A dialética nesse momento se impõe quando duas fontes de direito, a princípio

contraditórias e muitas vezes opostas coexistem, mas não necessariamente

se excluem. Elas podem coexistir, uma pode ser mais forte em um

determinado momento, em determinada sociedade, mas ambas podem se

alterar. A dialética consiste na existência e na alteração entre as duas. O sim

e o não coexistem, coexistem em tensão, negando, elevando, sofrendo

rupturas, continuidades, avanços, retrocessos, sem fórmula fixa, sem critério

pré-determinado. O segundo momento da dialética se impõe quando um

direito teoricamente igualitário é construído para diferenciar as pessoas.
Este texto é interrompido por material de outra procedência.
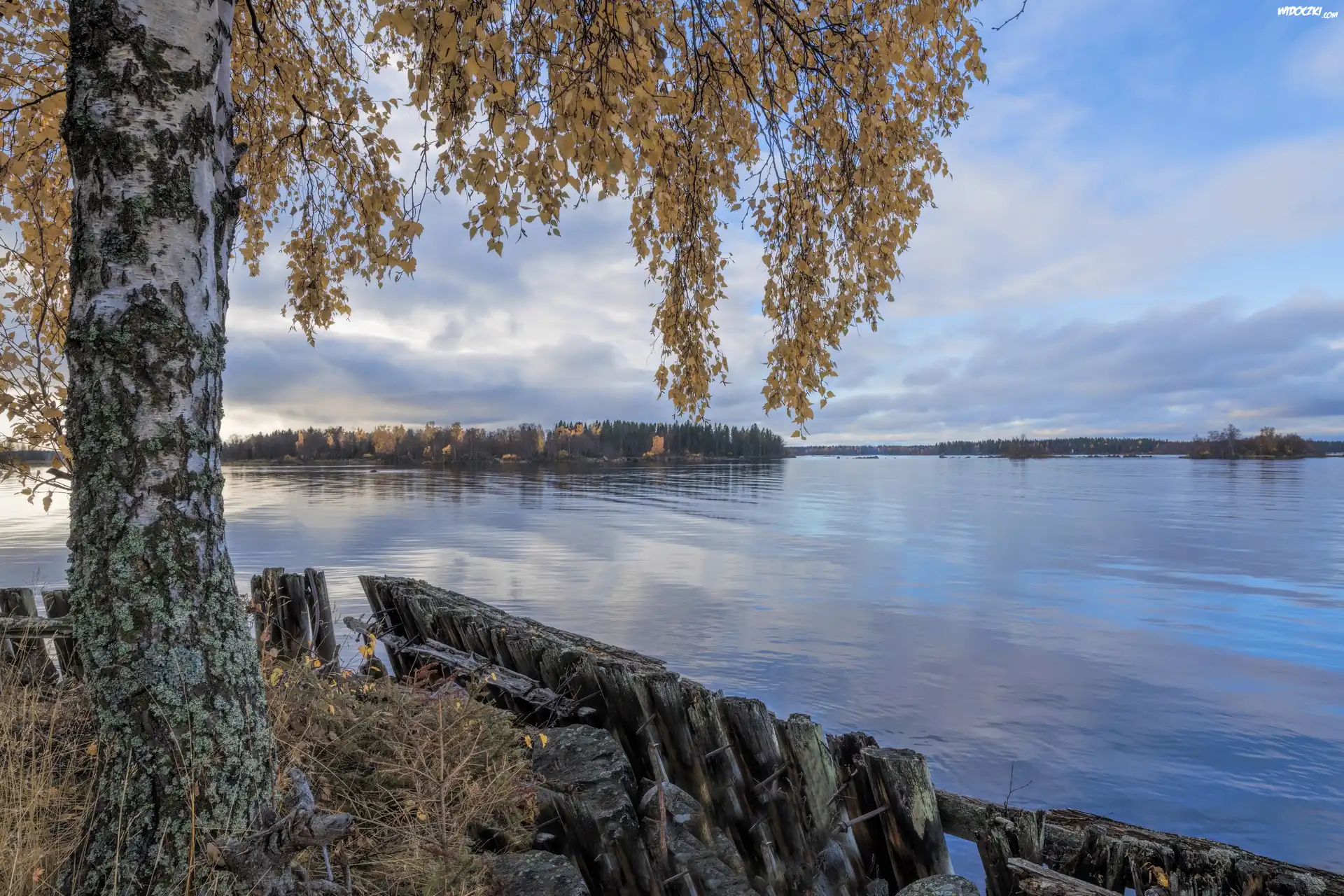 Zdjęcia, Jesień, Rzeka, Drzewa, Brzoza

É criado um direito para os pobres e um direito para os ricos, mas que é

vendido com a bandeira de igualdade, com bônus da liberdade. Só há

liberdade quando há escolha e, em vários momentos, parece que não há. Por

isso a critica a um direito que nega a realidade e que ainda é fundamento para

uma das grandes mazelas do Brasil: a corrupção. Os grandes “vilões” estão

soltos e grande parte dos oprimidos presos. O crime contra o patrimônio

individual – o crime das “classes pobres”, já que o crime contra o patrimônio

coletivo, público, usualmente é o “crime das classes altas” – ainda é o que

mais leva cidadãos à cadeia no Brasil.